We estimated that the expected total number of children aged 1.5-4.5 who become ill due to VTEC O157 in milk is 8.6 per year, with 95% uncertainty interval (0,11.5). The most extreme policy we considered was banning on-farm pasteurisation of milk, which reduced the estimate to 6.4 with 95% interval (0,11). In the second case study the effective number of inputs was reduced from 30 to 7 in the screening stage, and just 2 inputs were found to explain 82.8% of the output variance. A combined total of 500 runs of the computer code were used.

### Conclusion

These case studies illustrate the use of Bayesian statistics to perform detailed uncertainty and sensitivity analyses, integrating multiple information sources in a way that is both rigorous and efficient.

## Keywords

## Background

Quantitative Microbial Risk Assessment (QMRA) is a model-based tool for managing food chain risks and enhancing the science behind food safety regulations. QMRA models commonly describe complex farm-to-fork food production chains, involving uncertain parameters and processes. Interest concerns the impact that uncertainty in model inputs and structure can have on uncertainty in model outputs (estimates of "risk"). Bayesian statistics provides a unified approach for handling uncertainty and variability: by contrast with classical approaches it describes uncertainty probabilistically, permits strengthening of inference via incorporation of expert opinions, and synthesizes multiple types of uncertainty in a mathematical framework. Recent developments in Bayesian statistics, such as elicitation of expert opinions [1], Monte Carlo methods [2], and sensitivity analyses [3], have been applied in other fields and have great potential within QMRA.

## Methods

We present two new case studies as examples. The first quantifies the risk from Vero-cytotoxigenic *E. coli* (VTEC) O157 in pasteurised milk. The second illustrates an efficient Bayesian sensitivity analysis of a complex simulation model that estimates the prevalence of VTEC O157 within a managed dairy herd.

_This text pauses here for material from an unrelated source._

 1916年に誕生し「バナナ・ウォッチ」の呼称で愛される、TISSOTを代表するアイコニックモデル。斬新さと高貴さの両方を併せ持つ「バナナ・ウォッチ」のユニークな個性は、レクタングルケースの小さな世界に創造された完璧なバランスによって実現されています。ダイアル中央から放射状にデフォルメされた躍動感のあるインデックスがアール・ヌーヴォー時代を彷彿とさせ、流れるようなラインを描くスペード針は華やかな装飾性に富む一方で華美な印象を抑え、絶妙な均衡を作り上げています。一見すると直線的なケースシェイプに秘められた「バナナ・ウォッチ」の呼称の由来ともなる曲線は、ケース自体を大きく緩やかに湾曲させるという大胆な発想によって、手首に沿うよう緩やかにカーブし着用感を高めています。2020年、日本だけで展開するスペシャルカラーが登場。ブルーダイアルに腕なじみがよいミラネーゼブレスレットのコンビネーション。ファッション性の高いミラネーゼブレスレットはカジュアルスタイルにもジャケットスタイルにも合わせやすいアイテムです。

### Case study 1: dietary exposure to VTEC O157 from milk products

To complete the exposure assessment data was taken on daily consumption of milk products of 1858 UK toddlers (aged 1.5-4.5) from the National Diet and Nutrition Survey (NDNS) [6] to be representative of the UK toddler population. The consumption and contamination models were linked by randomly assigning consumption events in the NDNS to either on- or off-farm contamination levels (*cfu/ml*), in proportion to the estimated market share of both types. As the market share for on-farm pasteurised milk is very small (around 0.16%), we separately generated results for the entire UK toddler population and for a 'high-risk' subpopulation of toddlers consuming milk only from on-farm pasteurisers. Sufficient milk contamination levels were generated to match the number of consumed items by running the code repeatedly, to represent the distribution of between-item variability. The total daily exposure *E*_{
i
}was then calculated for each toddler together with the illness probability *p* = 1 - (1 + *E*_{
i
}/*β*)^{-α}[7]. Illness events were simulated using a Bernoulli distribution with probability *p*. Finally, approximate scaling factors were used to scale up from the NDNS-based incidences to the relevant populations.

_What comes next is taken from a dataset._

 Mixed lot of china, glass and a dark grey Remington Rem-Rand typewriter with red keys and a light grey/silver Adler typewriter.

Bayesian methods were used to quantify uncertainties due to limited information about some of the model inputs. For example, starting from uninformative beta(1,1) prior distributions for many of the rate and proportion inputs listed above, the posterior distributions were also beta distributed, after updating them using a sample of observed 'true' and 'false' outcomes. In each case, the amounts of data used in the updates determined the strength of information in the respective posterior distributions. The implied uncertainty in incidences was calculated via Monte Carlo simulation. The chain of models described above was repeated 1000 times with values for the uncertain inputs generated from their probability distributions. This included the posterior distribution of (*α*, *β*) derived in [7], so that a different relationship between dose and illness probability was used in each iteration.

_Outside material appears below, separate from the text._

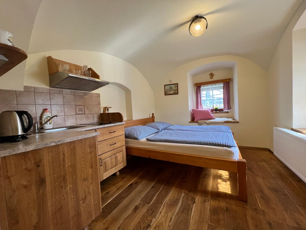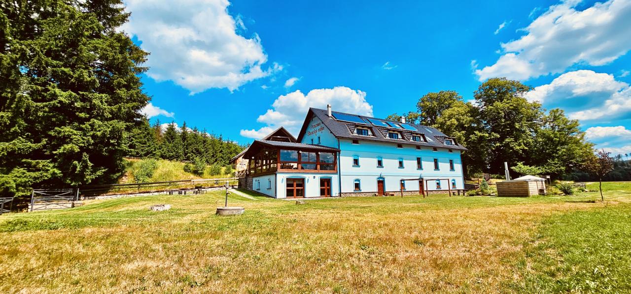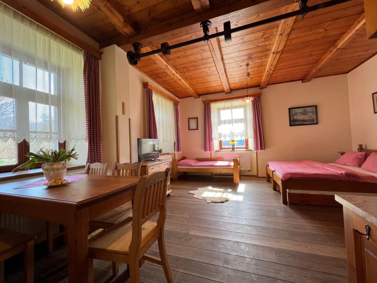 Náš rodinný penzion Vám nabízí celoroční ubytování s celkovou kapacitou 21 lůžek, rozdělených do 3 samostatných a stylově vybavených apartmánů a 2 pokojů. V každém apartmánu je možnost jedné a více plnohodnotné přistýlky - pevného, pohodlného lůžka. Celková ubytovací kapacita včetně přistýlek je 30 lůžek. Všechny apartmány jsou komfortně vybaveny selským nábytkem a disponují vlastní kuchyní, ložnicí, koupelnou a WC. Samozřejmostí každého apartmánu je také televizor, bezdrátové připojení k internetu, lednička, mikrovlnná trouba a kompletně zařízená kuchyň. Dále můžeme našim hostům nabídnout ubytování ve 2 pokojích, z nichž jeden je dvoulůžkový a jeden třílůžkový. Samozřejmostí každého pokoje je také televizor, bezdrátové připojení k internetu, lednička, mikrovlnná trouba a kompletně zařízený kuchyňský kout. Dobovou atmosféru ve všech apartmánech a pokojích dotváří původní trámy a vazby, stylový nábytek a dubové podlahy. Hostům je také k dispozici společenská místnost s barem a velkou kuchyní a dále prosklená terasa s výhledem do okolní krajiny. Tyto prostory jsou ideální pro pořádání rodinných, nebo firemních setkání a svateb.

#### Management options and how we modelled them

- 1.
Status Quo. The existing level of risk was estimated, based on current consumption levels and farming practice;

- 2.
Ban on-farm pasteurisation, so that all consumed milk is assumed to come from off-farm pasteurisers;

- 3.
Test more post-pasteurisation batches leaving a small dairy, effectively reducing the amount of contaminated milk by an amount depending on the accuracy of the test and the proportion of batches tested;

- 4.
More training for on-farm pasteurisers. We assume that the ratio of human errors to mechanical errors (ordinarily assumed to be around 4:1) can be reduced through training down to 2:1 or 1:1, altering the off-farm pasteurisation failure rate accordingly. Risk managers could then decide how much reduction is desirable and practical.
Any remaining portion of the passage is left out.